What is needed is an exact reproduction of the lines in the records below, starting at the line with "バレルパンツらしいスッキリと" and ending at the line with "高层三房,功能齐备,采用动静", both included, and nothing else; pictures stay out.

RECORDS SUPPLIED:
⁂

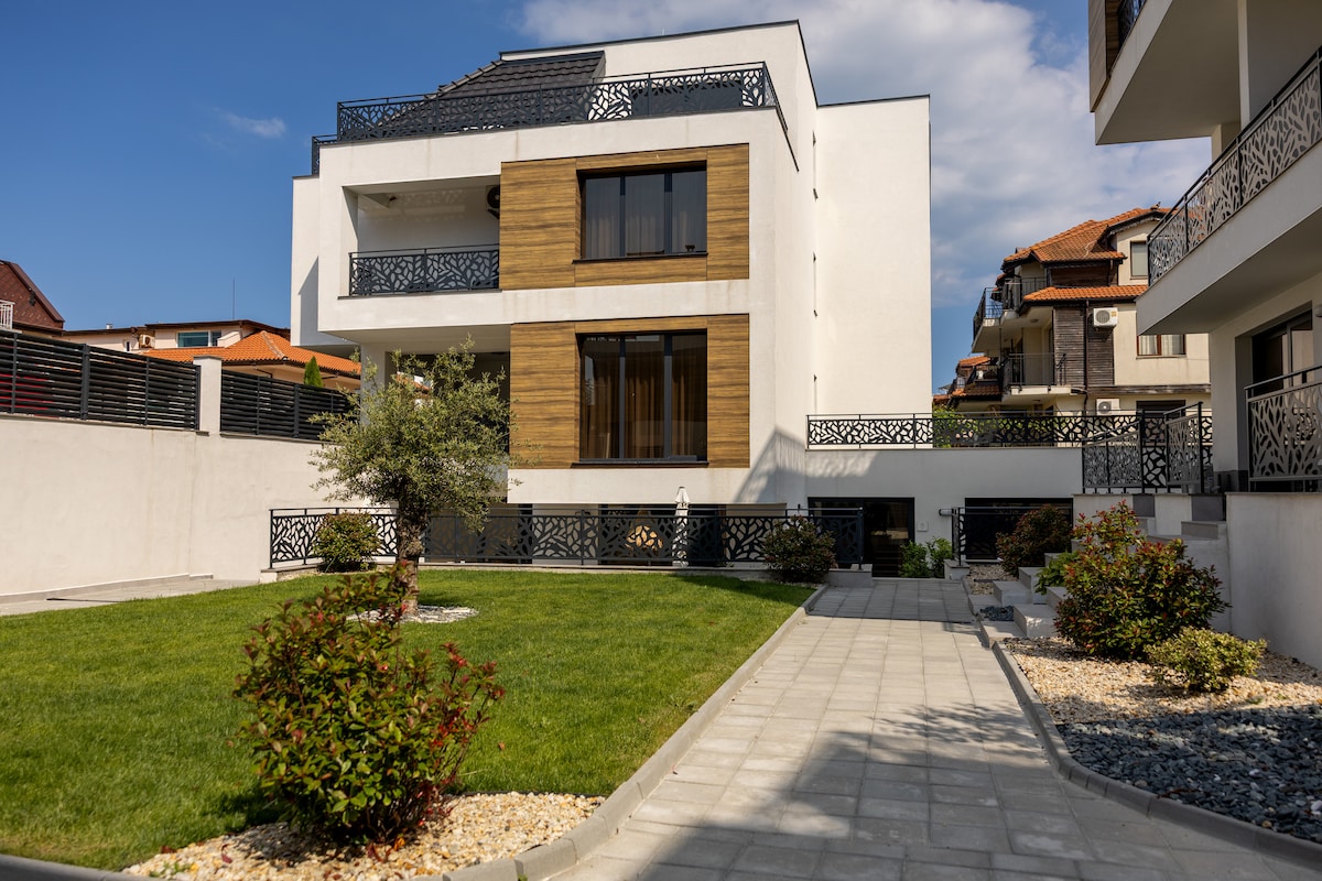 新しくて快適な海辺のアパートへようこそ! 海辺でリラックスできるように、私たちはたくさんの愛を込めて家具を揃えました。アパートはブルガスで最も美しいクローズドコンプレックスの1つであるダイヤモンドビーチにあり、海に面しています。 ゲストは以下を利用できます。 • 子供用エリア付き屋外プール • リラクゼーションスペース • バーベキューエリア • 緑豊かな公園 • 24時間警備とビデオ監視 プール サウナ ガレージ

⁂

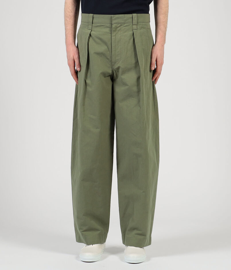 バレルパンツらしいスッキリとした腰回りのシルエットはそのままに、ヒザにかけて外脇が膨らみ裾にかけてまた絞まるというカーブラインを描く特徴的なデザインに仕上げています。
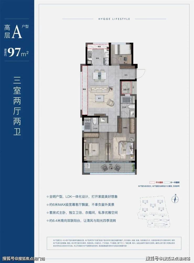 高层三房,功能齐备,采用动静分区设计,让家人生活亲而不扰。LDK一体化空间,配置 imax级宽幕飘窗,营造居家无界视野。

⁂

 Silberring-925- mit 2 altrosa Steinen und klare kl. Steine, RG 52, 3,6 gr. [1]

⁂

RESULT:
 バレルパンツらしいスッキリとした腰回りのシルエットはそのままに、ヒザにかけて外脇が膨らみ裾にかけてまた絞まるというカーブラインを描く特徴的なデザインに仕上げています。
 高层三房,功能齐备,采用动静分区设计,让家人生活亲而不扰。LDK一体化空间,配置 imax级宽幕飘窗,营造居家无界视野。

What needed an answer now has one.